In yesterday’s post, I discussed my investment in JCTCF and how I was having trouble buying more because of the price run up despite a similar rise in intrinsic value. Today, I wanted to review results and discuss why I thought it was still so cheap.
I think there are three ways to determine just how cheap JCTCF is.
The first and most simple is a simple EV / EBIT analysis. Over the past twelve months, JCTCF has earned just short of $4.2m in operating income. With 1.57m shares outstanding and a share price of $15.25, JCTCF has a market cap of just under $24m. They have over $7.2m in cash, which gives them an EV of ~$17m andan EV / EBIT of 4x. For a company that just posted almost 30% quarter over quarter revenue growth, that’s pretty dang cheap!
The second comes from Charlie Munger’s “share cannibal” thesis (see this interview). Munger says there are three great places to look for investments. One of them is companies that are buying back massive amounts of shares. And JCTCF ranks very, very highly on that count. From fiscal 2010 to fiscal 2012, they retired 32% of shares outstanding, and they have authorization to repurchase 25% more of their shares.
One negative is the company did not repurchase their shares in the first quarter. I don’t think this is the end of the world by any means. I think the company didn’t repurchase shares for a few reasons.
- Traditionally, the company has repurchased from their ESOP. They’ve fully exhausted the ESOP, so they now need to repurchase from the open market. Given the low volumes of the stock, it’s probably tough to repurchase in size and they’re probably looking for big blocks to repurchase.

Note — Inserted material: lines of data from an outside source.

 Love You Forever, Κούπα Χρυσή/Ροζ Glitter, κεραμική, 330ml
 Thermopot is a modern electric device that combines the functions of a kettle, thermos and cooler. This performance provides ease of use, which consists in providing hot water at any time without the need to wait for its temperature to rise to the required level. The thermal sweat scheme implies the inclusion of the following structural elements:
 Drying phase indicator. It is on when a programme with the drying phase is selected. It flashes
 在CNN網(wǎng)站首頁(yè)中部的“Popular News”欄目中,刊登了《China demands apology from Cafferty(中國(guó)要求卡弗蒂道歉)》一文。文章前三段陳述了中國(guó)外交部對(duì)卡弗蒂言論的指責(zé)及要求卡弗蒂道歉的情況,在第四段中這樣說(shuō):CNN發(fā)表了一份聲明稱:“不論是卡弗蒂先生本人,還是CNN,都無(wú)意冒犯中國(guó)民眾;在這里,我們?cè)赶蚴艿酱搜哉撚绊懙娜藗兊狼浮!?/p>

- Management has historically been very disciplined with share repurchase prices. Like me, they’re probably adjusting to the higher intrinsic value of the company now.

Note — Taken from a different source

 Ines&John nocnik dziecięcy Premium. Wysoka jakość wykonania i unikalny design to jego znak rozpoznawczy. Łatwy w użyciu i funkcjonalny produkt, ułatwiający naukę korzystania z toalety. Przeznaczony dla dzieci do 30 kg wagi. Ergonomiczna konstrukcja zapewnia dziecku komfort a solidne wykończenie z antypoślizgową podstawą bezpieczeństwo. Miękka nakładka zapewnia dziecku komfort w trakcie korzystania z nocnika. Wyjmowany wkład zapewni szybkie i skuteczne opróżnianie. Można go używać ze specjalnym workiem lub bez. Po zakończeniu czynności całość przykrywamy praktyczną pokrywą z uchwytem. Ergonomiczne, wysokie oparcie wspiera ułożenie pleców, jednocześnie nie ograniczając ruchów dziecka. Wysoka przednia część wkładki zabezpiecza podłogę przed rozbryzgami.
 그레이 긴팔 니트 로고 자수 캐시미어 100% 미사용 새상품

So what do I think a fair price is. Honestly, I would think a company this strong would deserve at least a 10x EV / EBIT multiple. Even without adjusting for upside from the industrial wood segment, that would imply an EV of $42m. Add in their cash and you’re looking at a market cap just under $50m, or a share price around $32. While I normally don’t like to use P/E multiples, that would equate to a trailing P/E under 15x (if you take their trailing net income and adjust for their current shares outstanding, EPS comes in over $2.15 per share), which considering their significant excess cash balance would still feel a bit cheap to me.
And if management can continue to grow or repurchase shares at these prices, that target should prove too conservative.